- Artist: Aurelio Grisanty
- Year: 2005-
- Medium: Poster
- Movement: Art Deco
- Subject: A resort town or city in the United States
- Dimensions: (18" in × 24" in)

= Beach Town Posters =

Beach Town Posters is an ongoing series of original Art Deco-style fine art posters designed and rendered by painter, muralist and graphic designer Aurelio Grisanty. The posters are created in the style of vintage travel posters, travel ads or postcards from the 1920s and 1930s.
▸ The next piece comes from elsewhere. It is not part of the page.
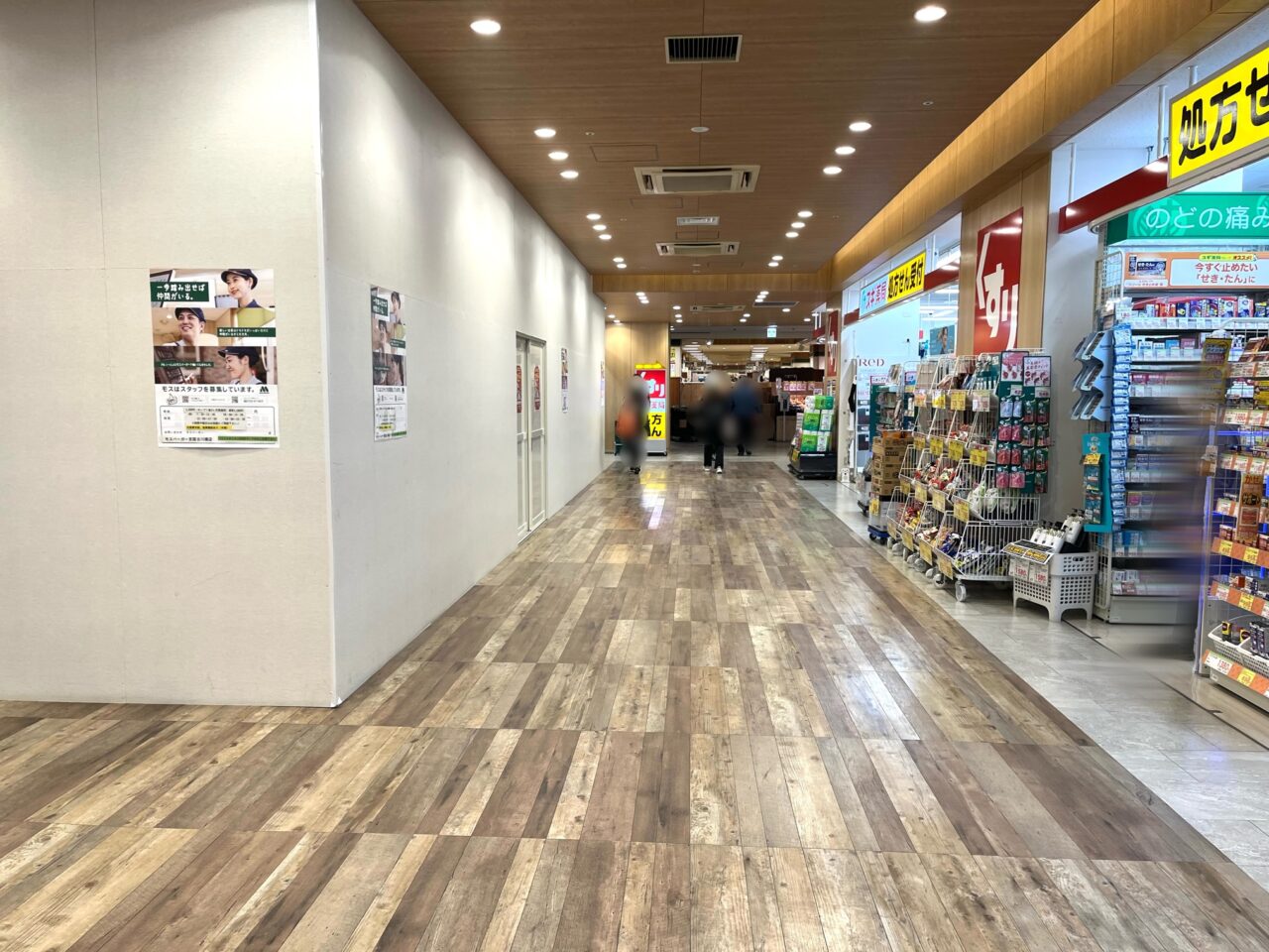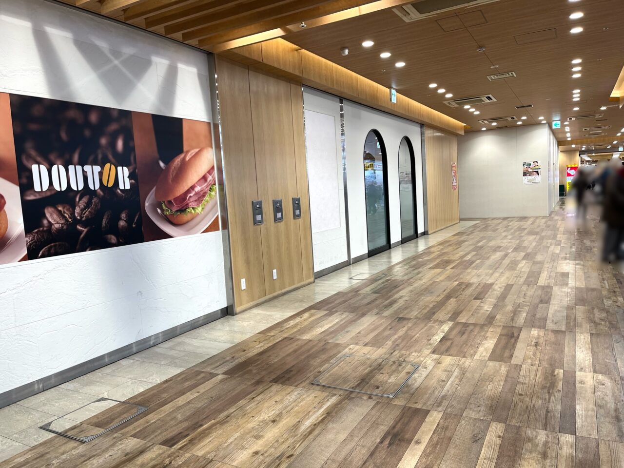 ドトールコーヒーの奥、これまで空きテナントとなっていた場所には白い囲いが設置されており、壁面に掲示物が貼られている様子が見られました。

Each poster is dedicated to a resort town or city in the United States.

The Beach Town Posters series currently includes 84 art posters from 64 cities or towns, with the artist adding between 5-10 new posters per year. Grisanty began designing Beach Town Posters in 2005 after being inspired by the vintage French beach posters that decorated his childhood vacation home in Santo Domingo, Dominican Republic.

==History==
Grisanty began the line in 2005 with designs depicting his home town of Rehoboth Beach, Delaware and other nearby Mid-Atlantic beach towns. He later expanded the series to include beaches in northern and southern states on the East Coast. His first West Coast beach designs were released in 2009 for three cities in California.

The inaugural poster in the series is titled "Rehoboth - Silver Lake Original." All Beach Town Posters depict seaside towns or cities with the exception of four posters portraying Washington, D.C. landmarks.

In January 2013, Beach Town Posters partnered with Friends of The Old Seven, a not-for-profit organization dedicated to the salvation of the Old Seven Mile Bridge at Pigeon Key, Florida, to create a commemorative poster. Proceeds from the group's sales of the Pigeon Key poster went to restoration efforts.

Grisanty and his business partner, Clare Conley, continue expanding the series to include more beaches in the United States. Poster designs are chosen based on fan feedback and requests.

==Poster designs==

Other Beach Town Poster designs include:

California: Laguna Beach; Point Reyes; San Diego; Santa Barbara, CA; Hermosa Beach, CA

Delaware: Bethany Beach (3 poster designs) Dewey Beach (2 poster designs); Fenwick Island (2 poster designs); Rehoboth Beach (7 poster designs); Lewes (2 poster designs); Milton, Delaware;Georgetown, Delaware

Florida: Captiva Island; Clearwater, FL; Daytona Beach; Key West (2 poster designs); Cocoa Beach; Ormond Beach; Pigeon Key; Sanibel Island; St. Augustine, FL; Venice, FL; Bahia Honda Key

Georgia: Savannah; Tybee Island

Maryland: Annapolis; Assateague Island; Ocean City, MD (3 poster designs)

Massachusetts: Cape Cod

New Jersey: Cape May (2 poster designs); Ocean City, New Jersey; Wildwood, New Jersey; Long Beach Island; Avalon, New Jersey; Stone Harbor, New Jersey; Atlantic City; Asbury Park

New York: Fishers Island; Fire Island (2 poster designs)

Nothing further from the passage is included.